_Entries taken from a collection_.
------------------------------------------------
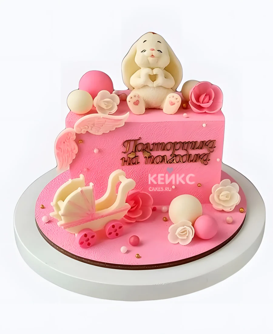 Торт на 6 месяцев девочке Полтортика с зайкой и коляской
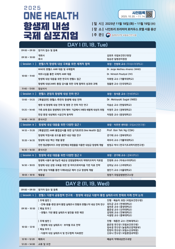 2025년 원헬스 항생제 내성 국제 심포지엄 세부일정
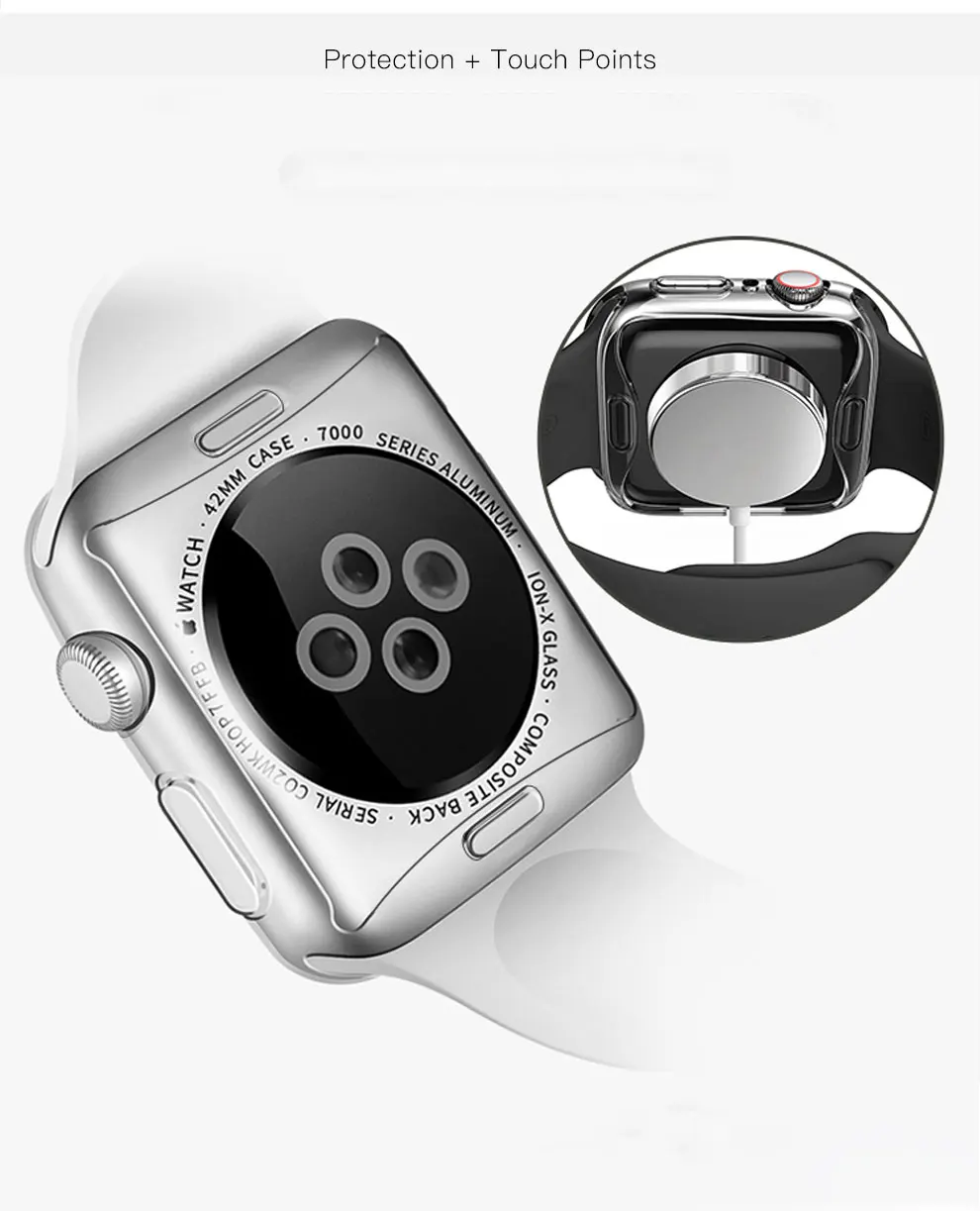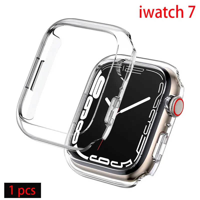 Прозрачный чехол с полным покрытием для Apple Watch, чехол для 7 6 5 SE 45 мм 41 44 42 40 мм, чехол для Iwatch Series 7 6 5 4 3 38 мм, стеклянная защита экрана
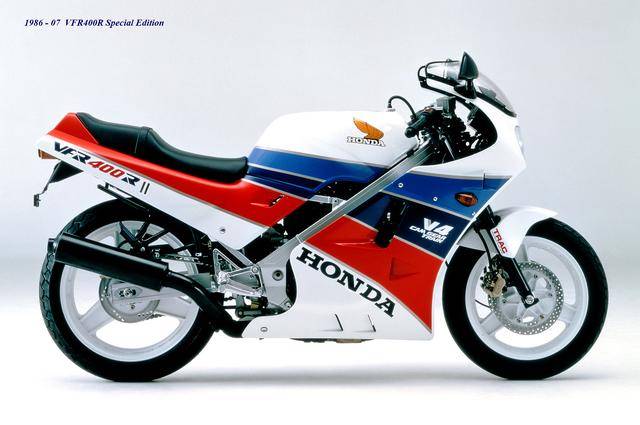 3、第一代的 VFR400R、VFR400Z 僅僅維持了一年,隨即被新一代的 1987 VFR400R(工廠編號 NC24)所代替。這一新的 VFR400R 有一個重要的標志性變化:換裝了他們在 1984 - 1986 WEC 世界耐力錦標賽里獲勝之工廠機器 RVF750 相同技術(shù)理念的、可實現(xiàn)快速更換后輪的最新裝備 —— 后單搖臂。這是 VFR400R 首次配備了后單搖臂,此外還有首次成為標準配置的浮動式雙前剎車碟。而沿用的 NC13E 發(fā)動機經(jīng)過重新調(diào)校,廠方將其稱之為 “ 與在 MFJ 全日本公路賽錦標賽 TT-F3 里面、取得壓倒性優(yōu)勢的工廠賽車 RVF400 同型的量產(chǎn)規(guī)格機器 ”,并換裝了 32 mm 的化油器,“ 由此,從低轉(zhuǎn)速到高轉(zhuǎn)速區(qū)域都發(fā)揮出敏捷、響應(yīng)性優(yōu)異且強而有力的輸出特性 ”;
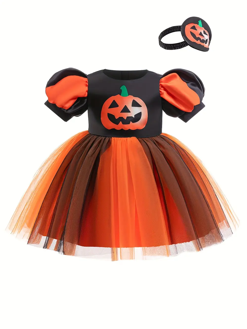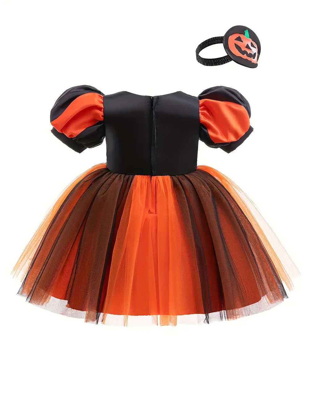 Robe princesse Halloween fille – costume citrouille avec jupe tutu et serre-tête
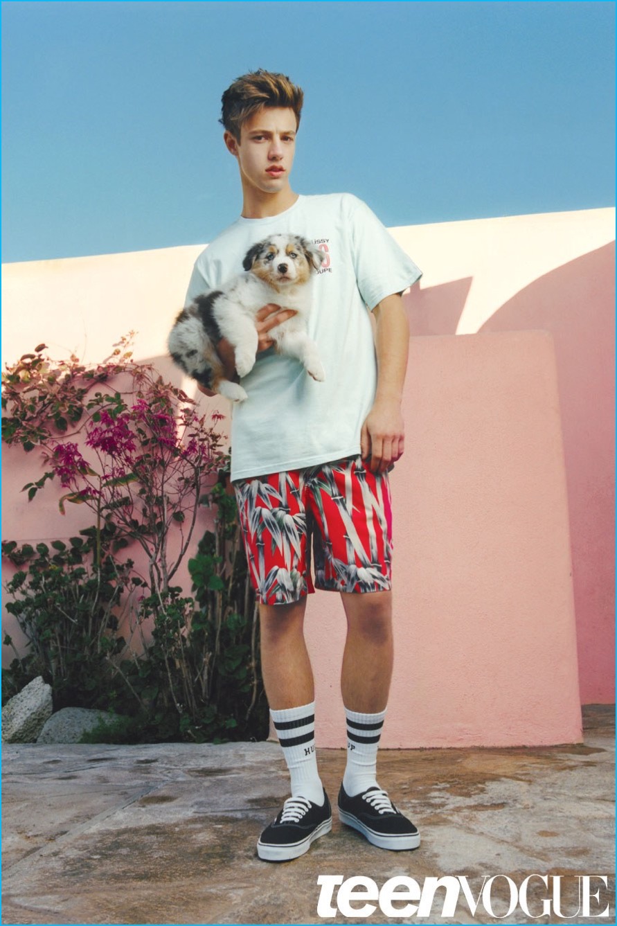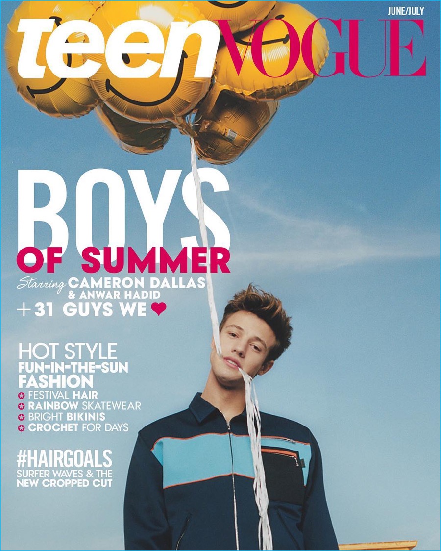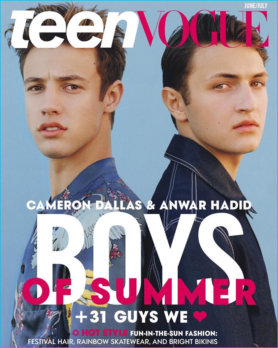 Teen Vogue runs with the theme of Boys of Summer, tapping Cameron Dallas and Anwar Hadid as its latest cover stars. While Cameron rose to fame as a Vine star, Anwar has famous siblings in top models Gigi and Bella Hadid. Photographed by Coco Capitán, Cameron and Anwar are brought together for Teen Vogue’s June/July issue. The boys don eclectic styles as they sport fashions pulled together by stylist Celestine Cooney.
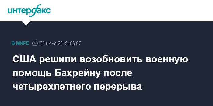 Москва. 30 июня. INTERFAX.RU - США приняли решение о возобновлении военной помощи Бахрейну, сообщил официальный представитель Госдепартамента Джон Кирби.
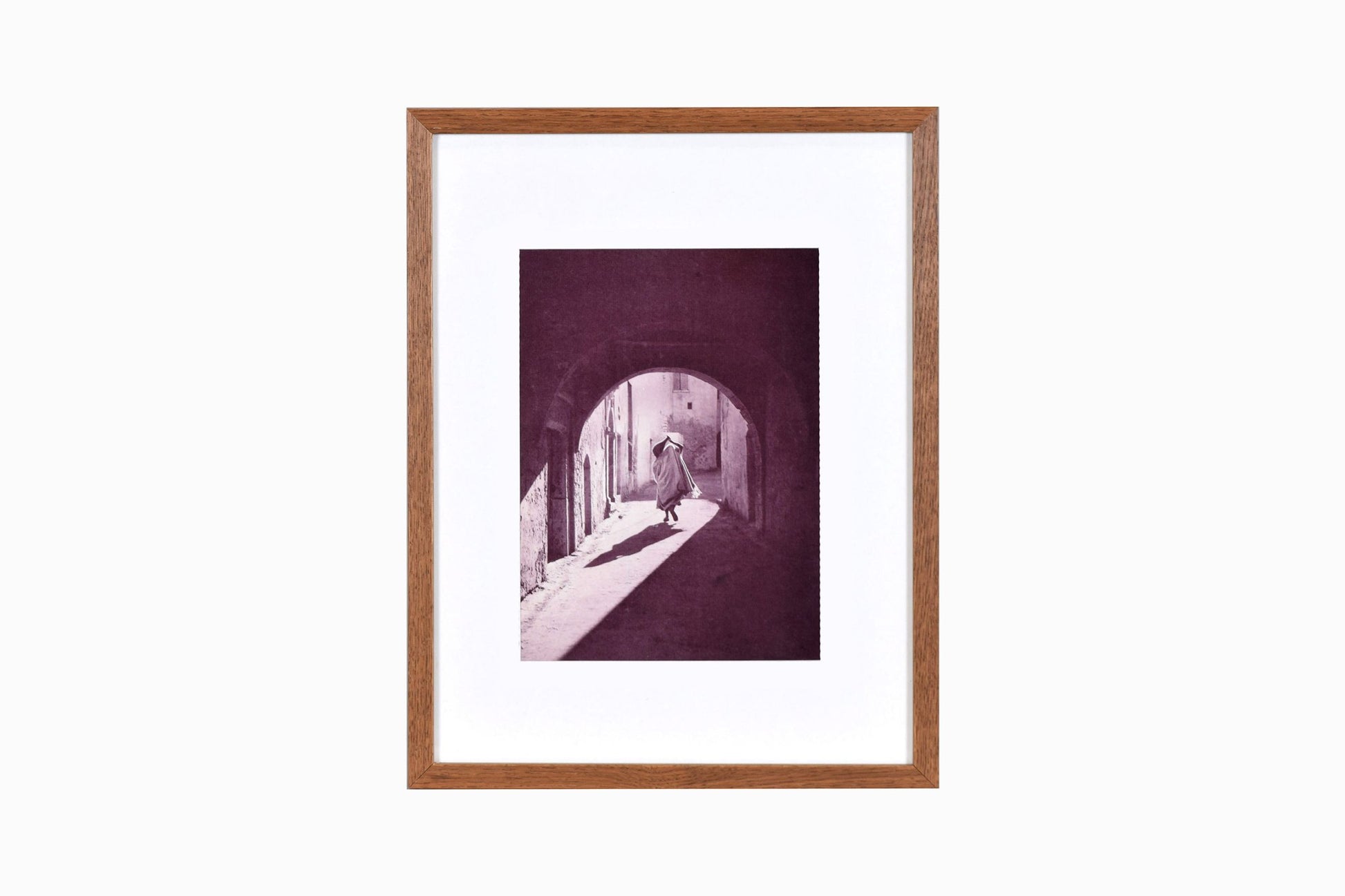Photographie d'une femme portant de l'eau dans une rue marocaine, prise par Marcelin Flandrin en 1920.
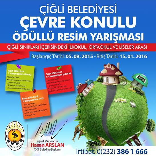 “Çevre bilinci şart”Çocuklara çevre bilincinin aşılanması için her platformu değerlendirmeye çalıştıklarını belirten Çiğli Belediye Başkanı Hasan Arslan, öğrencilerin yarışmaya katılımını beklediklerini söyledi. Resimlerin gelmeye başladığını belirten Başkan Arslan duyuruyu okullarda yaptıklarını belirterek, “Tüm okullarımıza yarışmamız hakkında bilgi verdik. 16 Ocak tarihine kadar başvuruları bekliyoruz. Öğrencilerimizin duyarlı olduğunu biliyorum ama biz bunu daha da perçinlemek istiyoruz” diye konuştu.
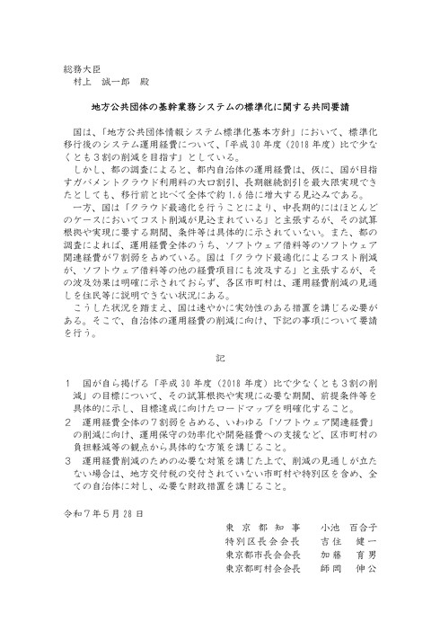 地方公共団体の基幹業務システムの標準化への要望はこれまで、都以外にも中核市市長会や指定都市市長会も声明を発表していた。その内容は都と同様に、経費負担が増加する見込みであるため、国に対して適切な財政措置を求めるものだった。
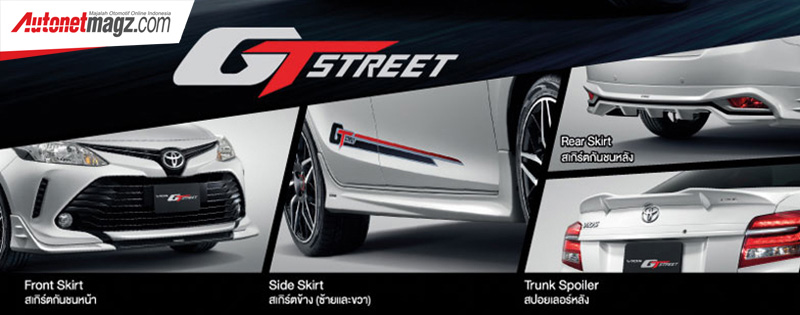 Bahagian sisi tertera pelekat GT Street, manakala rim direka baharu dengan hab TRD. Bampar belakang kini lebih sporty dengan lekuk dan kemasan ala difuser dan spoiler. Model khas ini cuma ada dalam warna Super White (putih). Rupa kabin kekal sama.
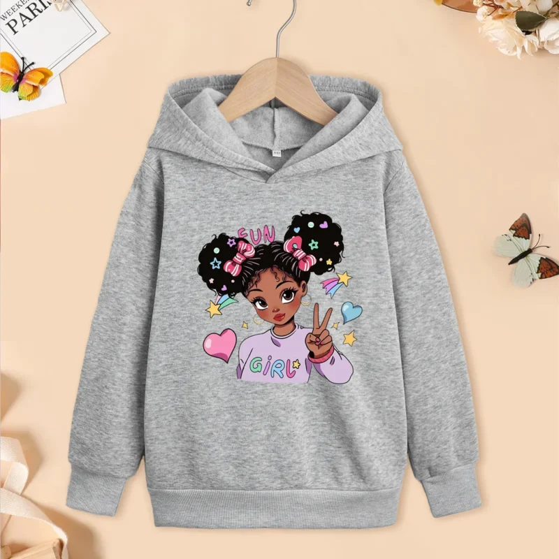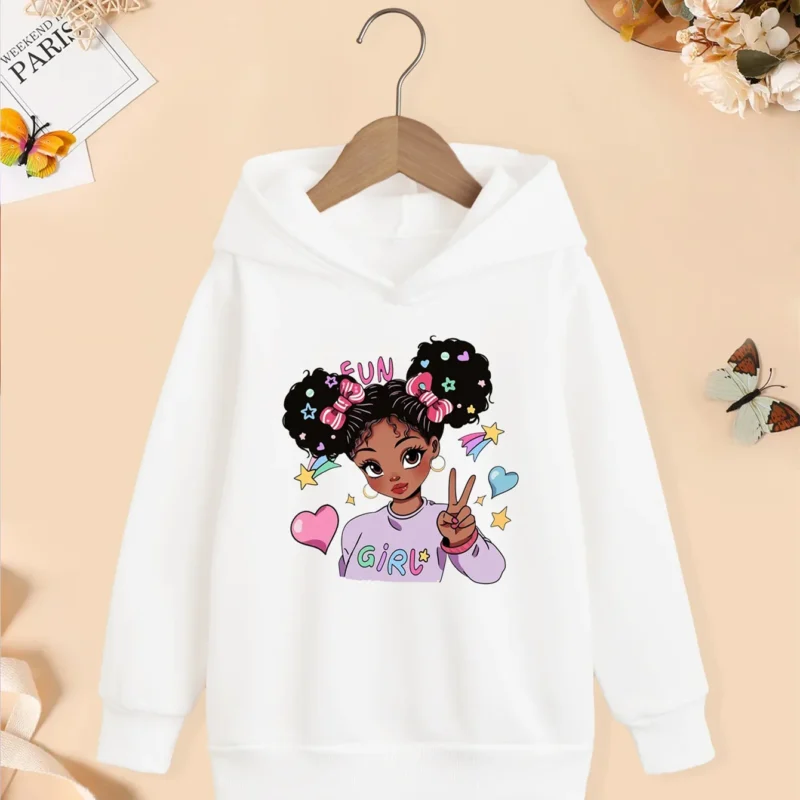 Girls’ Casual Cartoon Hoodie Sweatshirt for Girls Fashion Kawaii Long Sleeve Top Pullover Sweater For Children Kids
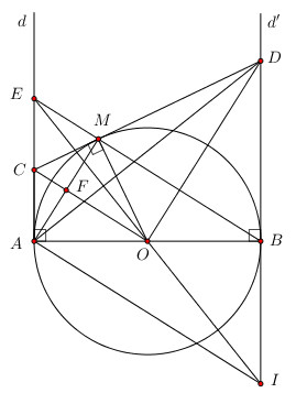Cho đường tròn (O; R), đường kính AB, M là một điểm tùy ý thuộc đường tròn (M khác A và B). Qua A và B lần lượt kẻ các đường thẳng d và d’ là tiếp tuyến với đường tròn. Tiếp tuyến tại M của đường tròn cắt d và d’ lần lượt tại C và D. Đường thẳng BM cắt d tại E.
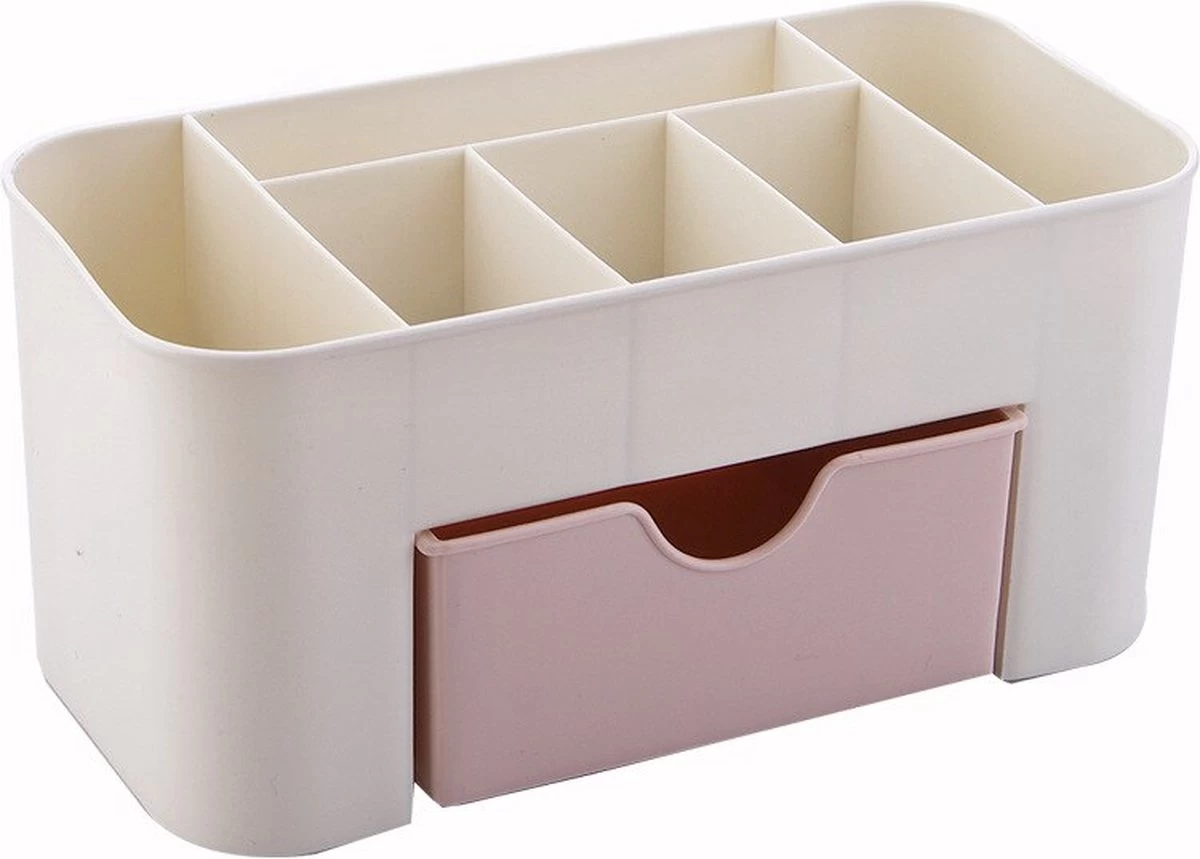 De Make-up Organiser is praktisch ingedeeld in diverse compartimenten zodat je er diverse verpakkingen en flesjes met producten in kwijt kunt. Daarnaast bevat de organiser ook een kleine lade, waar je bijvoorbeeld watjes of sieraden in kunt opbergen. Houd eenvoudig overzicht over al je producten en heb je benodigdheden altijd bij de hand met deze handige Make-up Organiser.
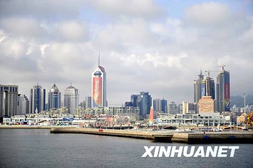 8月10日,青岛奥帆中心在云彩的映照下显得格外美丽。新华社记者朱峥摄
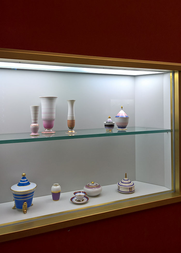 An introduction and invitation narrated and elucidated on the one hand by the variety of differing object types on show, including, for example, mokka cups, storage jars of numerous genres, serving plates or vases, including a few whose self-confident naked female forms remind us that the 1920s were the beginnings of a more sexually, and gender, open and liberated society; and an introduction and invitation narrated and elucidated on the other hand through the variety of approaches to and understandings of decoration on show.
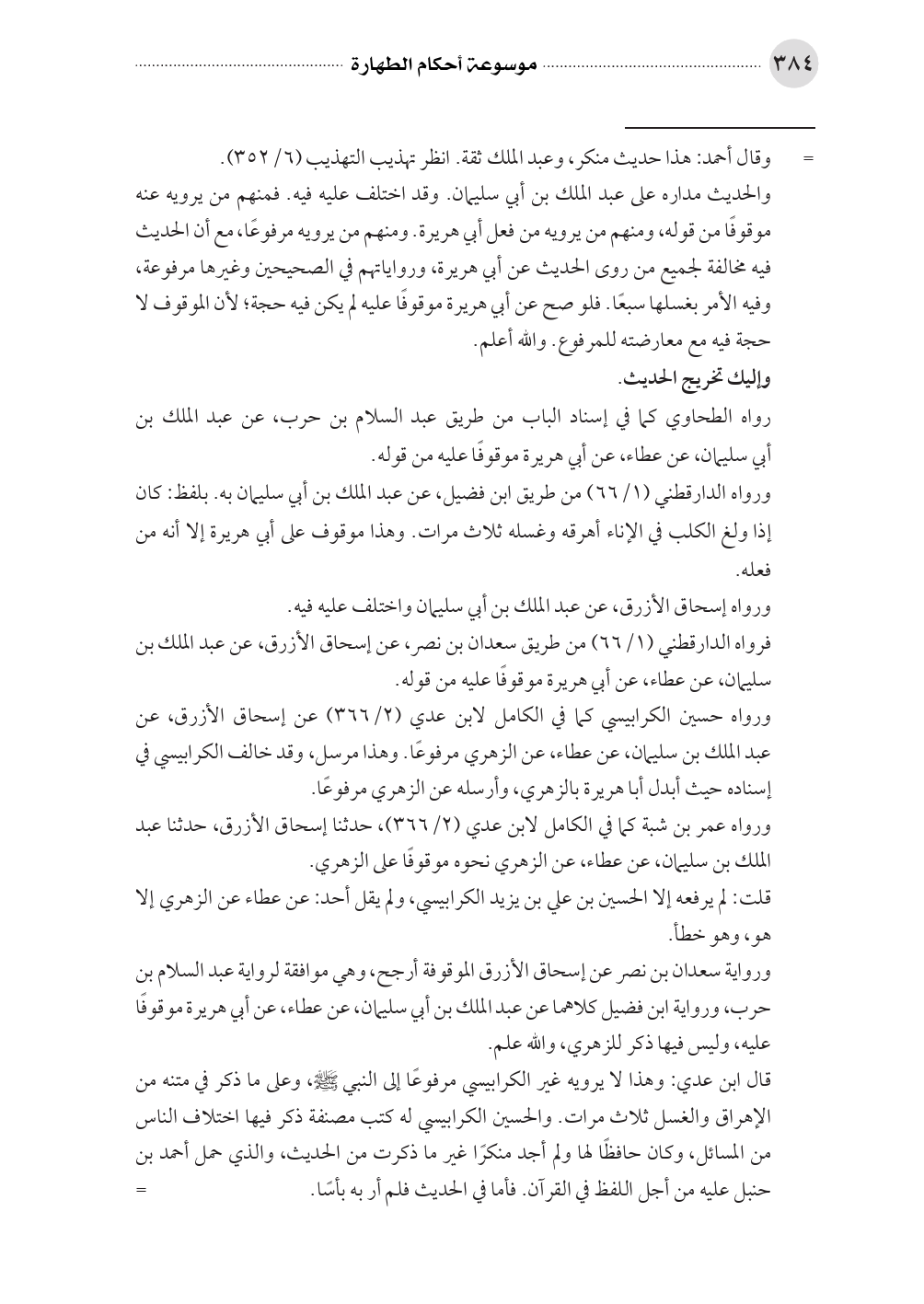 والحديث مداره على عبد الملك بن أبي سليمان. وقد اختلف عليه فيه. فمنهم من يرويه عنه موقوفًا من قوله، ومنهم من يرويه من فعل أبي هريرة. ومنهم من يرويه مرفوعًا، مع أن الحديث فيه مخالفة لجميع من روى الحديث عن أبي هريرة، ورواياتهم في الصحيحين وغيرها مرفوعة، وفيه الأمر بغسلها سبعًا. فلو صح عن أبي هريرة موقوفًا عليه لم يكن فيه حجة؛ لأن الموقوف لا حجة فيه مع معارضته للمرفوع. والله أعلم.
------------------------------------------------
_What the task requires_.
When you reach the line containing "2025년 원헬스 항생제 내성 국제 심포지엄 세부일정" in the entries above, begin restating word for word, and stop once the line containing "Прозрачный чехол с" has been given. Omit the pictures.

_Exercise response_.
 2025년 원헬스 항생제 내성 국제 심포지엄 세부일정
 Прозрачный чехол с полным покрытием для Apple Watch, чехол для 7 6 5 SE 45 мм 41 44 42 40 мм, чехол для Iwatch Series 7 6 5 4 3 38 мм, стеклянная защита экрана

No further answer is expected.